● WORK INSTRUCTION: Take the data below and write it out exactly, except for the pictures.

● DATA BLOCK:

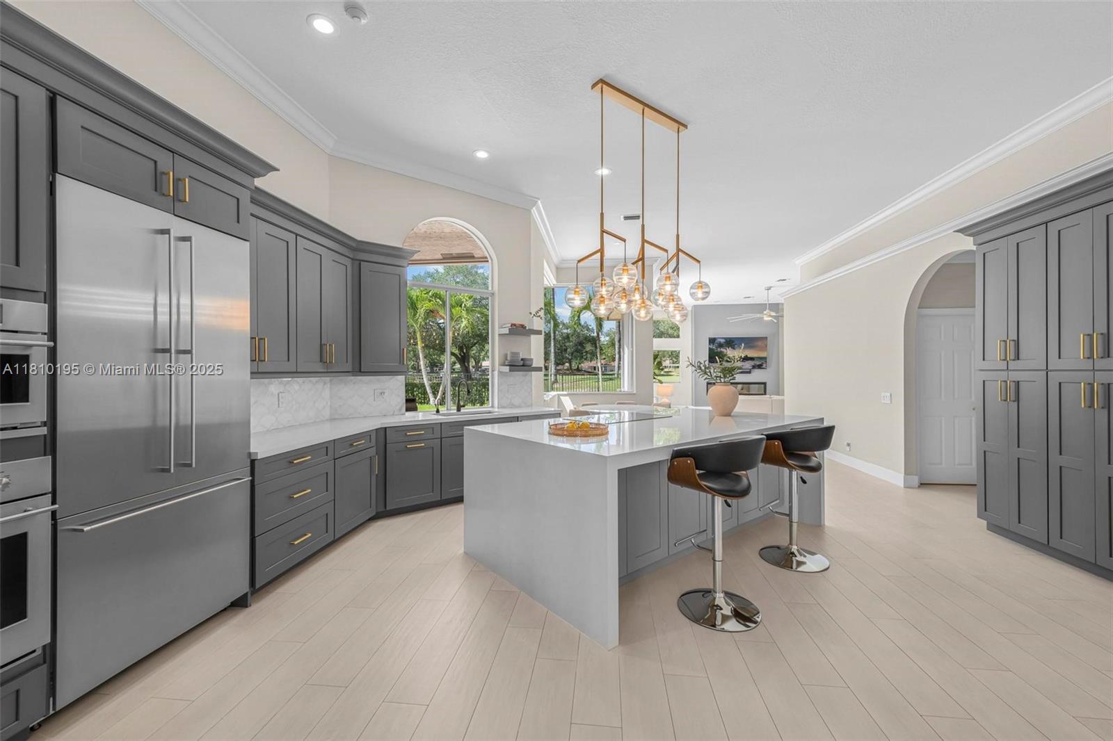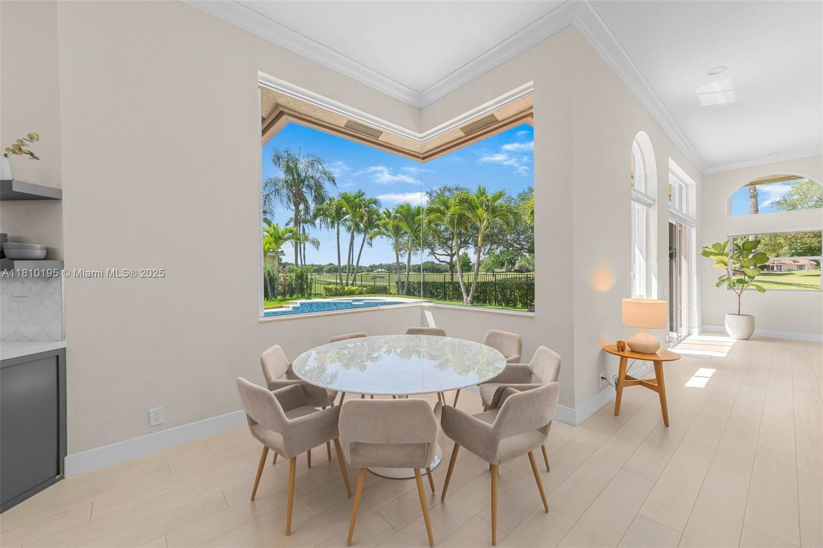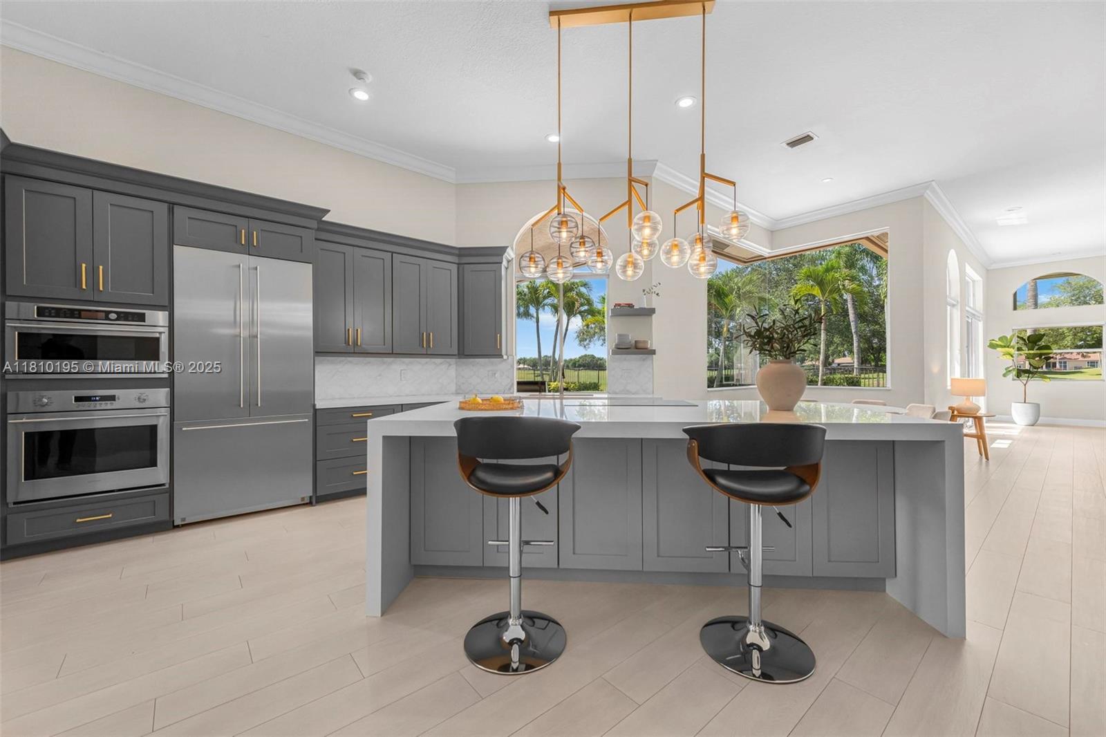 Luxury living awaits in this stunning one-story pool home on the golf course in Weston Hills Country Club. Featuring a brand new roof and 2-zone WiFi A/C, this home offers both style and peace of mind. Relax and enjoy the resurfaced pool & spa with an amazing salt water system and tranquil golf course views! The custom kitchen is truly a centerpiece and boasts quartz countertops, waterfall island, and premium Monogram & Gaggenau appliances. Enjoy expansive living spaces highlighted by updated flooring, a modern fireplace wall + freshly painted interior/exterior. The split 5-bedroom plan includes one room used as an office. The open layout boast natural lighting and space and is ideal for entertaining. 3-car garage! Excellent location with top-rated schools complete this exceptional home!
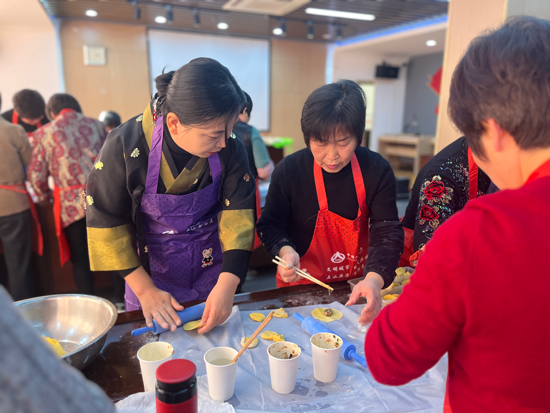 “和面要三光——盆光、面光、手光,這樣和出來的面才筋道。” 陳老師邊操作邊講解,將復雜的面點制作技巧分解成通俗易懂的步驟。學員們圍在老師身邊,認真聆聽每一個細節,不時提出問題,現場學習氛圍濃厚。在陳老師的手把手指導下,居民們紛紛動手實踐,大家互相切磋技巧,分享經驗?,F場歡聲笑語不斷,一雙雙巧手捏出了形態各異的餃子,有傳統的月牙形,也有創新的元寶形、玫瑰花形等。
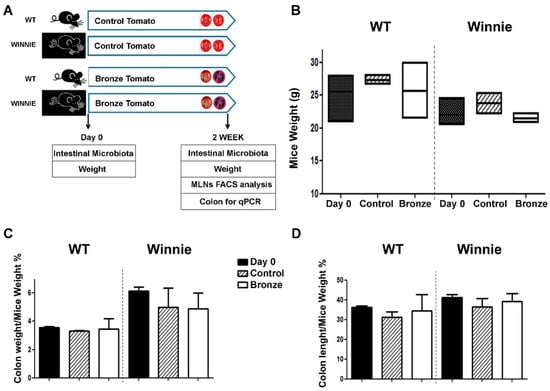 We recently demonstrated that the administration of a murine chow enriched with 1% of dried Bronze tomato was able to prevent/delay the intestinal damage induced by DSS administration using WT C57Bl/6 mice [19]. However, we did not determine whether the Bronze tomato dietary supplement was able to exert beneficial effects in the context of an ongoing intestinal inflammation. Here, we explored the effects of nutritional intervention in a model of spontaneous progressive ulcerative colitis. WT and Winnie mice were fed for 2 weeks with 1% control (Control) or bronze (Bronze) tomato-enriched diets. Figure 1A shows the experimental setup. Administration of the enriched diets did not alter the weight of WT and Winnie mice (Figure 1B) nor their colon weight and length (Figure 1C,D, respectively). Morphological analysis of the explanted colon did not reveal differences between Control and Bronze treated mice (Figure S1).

● ANSWER SECTION:
 Luxury living awaits in this stunning one-story pool home on the golf course in Weston Hills Country Club. Featuring a brand new roof and 2-zone WiFi A/C, this home offers both style and peace of mind. Relax and enjoy the resurfaced pool & spa with an amazing salt water system and tranquil golf course views! The custom kitchen is truly a centerpiece and boasts quartz countertops, waterfall island, and premium Monogram & Gaggenau appliances. Enjoy expansive living spaces highlighted by updated flooring, a modern fireplace wall + freshly painted interior/exterior. The split 5-bedroom plan includes one room used as an office. The open layout boast natural lighting and space and is ideal for entertaining. 3-car garage! Excellent location with top-rated schools complete this exceptional home!
 “和面要三光——盆光、面光、手光,這樣和出來的面才筋道。” 陳老師邊操作邊講解,將復雜的面點制作技巧分解成通俗易懂的步驟。學員們圍在老師身邊,認真聆聽每一個細節,不時提出問題,現場學習氛圍濃厚。在陳老師的手把手指導下,居民們紛紛動手實踐,大家互相切磋技巧,分享經驗?,F場歡聲笑語不斷,一雙雙巧手捏出了形態各異的餃子,有傳統的月牙形,也有創新的元寶形、玫瑰花形等。
 We recently demonstrated that the administration of a murine chow enriched with 1% of dried Bronze tomato was able to prevent/delay the intestinal damage induced by DSS administration using WT C57Bl/6 mice [19]. However, we did not determine whether the Bronze tomato dietary supplement was able to exert beneficial effects in the context of an ongoing intestinal inflammation. Here, we explored the effects of nutritional intervention in a model of spontaneous progressive ulcerative colitis. WT and Winnie mice were fed for 2 weeks with 1% control (Control) or bronze (Bronze) tomato-enriched diets. Figure 1A shows the experimental setup. Administration of the enriched diets did not alter the weight of WT and Winnie mice (Figure 1B) nor their colon weight and length (Figure 1C,D, respectively). Morphological analysis of the explanted colon did not reveal differences between Control and Bronze treated mice (Figure S1).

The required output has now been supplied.